While most public attention focuses on refined gold and doré bars, the report highlights that over 15% of global primary gold production is now shipped as concentrate, typically in bulk containers that receive minimal inspection.

As concentrate resembles ordinary mineral material and lacks public pricing benchmarks, criminal networks can misdeclare or under-invoice gold shipments with ease; hide illicitly mined gold by blending it with legal supplies; and move “phantom” shipments – empty containers declared as valuable concentrate – to launder money, the report indicates.

Key messages contained in the report include that the global trade in gold concentrates – unrefined gold in containerised bulk bags – is exposed to distinct vulnerabilities that can be exploited for gold laundering (concealing the origins of gold) and gold-based money laundering (using gold to launder the proceeds of crime).

The report points out that the profile of gold concentrate makes it vulnerable to trade‑based money laundering, because it is lightly tracked, poorly understood, difficult to price, shipped in bulk as an unremarkable material, passed through copper-dominated trading and processing circuits and can be easily misinvoiced or misdeclared without attracting the scrutiny applied to refined gold.

The amount by which declared imports for the relevant harmonised system code surpassed corresponding exports increased by 400% between 2020 and 2024, with the discrepancy in 2024 amounting to a third of all concentrates imports in value terms, according to the UN Comtrade.

The report highlights that significant volumes of gold concentrate are traded internationally and transported in maritime containers.

In 2024, over 15% of world primary gold production was shipped as concentrate, according to precious metals research consultancy Metals Focus.

While concentrate grade varies significantly, mined production of gold globally amounted to about $280-billion the same year, rising to over $400-billion this year owing to the surge in gold prices, the report outlines.

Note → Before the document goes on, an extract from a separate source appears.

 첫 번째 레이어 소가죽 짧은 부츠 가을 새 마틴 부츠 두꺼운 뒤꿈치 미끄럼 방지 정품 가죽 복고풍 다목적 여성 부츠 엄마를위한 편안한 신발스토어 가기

Moreover, several key gold-producing countries have significantly increased exports of gold concentrate.

The beneficiation, blending and transformation stages of gold concentrate involve significant laundering risks, particularly in contexts where due diligence is weak or absent, the report warns.

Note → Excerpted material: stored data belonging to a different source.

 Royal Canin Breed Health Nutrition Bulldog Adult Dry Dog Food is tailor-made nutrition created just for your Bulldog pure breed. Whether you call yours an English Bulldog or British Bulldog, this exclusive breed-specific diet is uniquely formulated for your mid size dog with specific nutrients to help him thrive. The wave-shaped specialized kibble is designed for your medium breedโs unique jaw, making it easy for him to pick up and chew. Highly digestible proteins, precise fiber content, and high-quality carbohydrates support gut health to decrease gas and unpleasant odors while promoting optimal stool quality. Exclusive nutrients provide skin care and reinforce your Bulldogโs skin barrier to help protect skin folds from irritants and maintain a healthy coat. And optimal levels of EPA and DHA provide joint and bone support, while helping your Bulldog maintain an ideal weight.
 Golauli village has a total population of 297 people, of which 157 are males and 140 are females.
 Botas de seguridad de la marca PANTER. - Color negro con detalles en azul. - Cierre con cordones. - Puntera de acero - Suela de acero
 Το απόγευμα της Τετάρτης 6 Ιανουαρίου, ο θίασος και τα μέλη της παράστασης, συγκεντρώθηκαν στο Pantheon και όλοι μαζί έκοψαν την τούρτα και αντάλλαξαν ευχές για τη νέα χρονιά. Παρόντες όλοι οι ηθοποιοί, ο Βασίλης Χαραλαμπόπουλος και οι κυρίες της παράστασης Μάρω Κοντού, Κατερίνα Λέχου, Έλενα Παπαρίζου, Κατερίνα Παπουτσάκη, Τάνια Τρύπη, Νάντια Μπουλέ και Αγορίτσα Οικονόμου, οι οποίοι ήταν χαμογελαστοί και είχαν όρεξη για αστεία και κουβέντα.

Processing facilities that source material from multiple suppliers blend inputs in ways that, when accompanied by incomplete or falsified documentation, can obscure the origin of illicit gold, it points out.

The report underscores the importance of training and equipping law enforcement personnel to detect and analyse crime typologies linked to gold concentrates.

It also suggests that policymakers consider introducing stricter licensing and oversight of processing plants and smelters.

The report also stresses that all private-sector actors in the gold and copper supply chains – especially processing plants, traders, refiners and smelters – should conduct enhanced due diligence on gold concentrates in line with the OECD Due Diligence Guidance for Responsible Supply Chains of Minerals from Conflict-Affected and High-Risk Areas.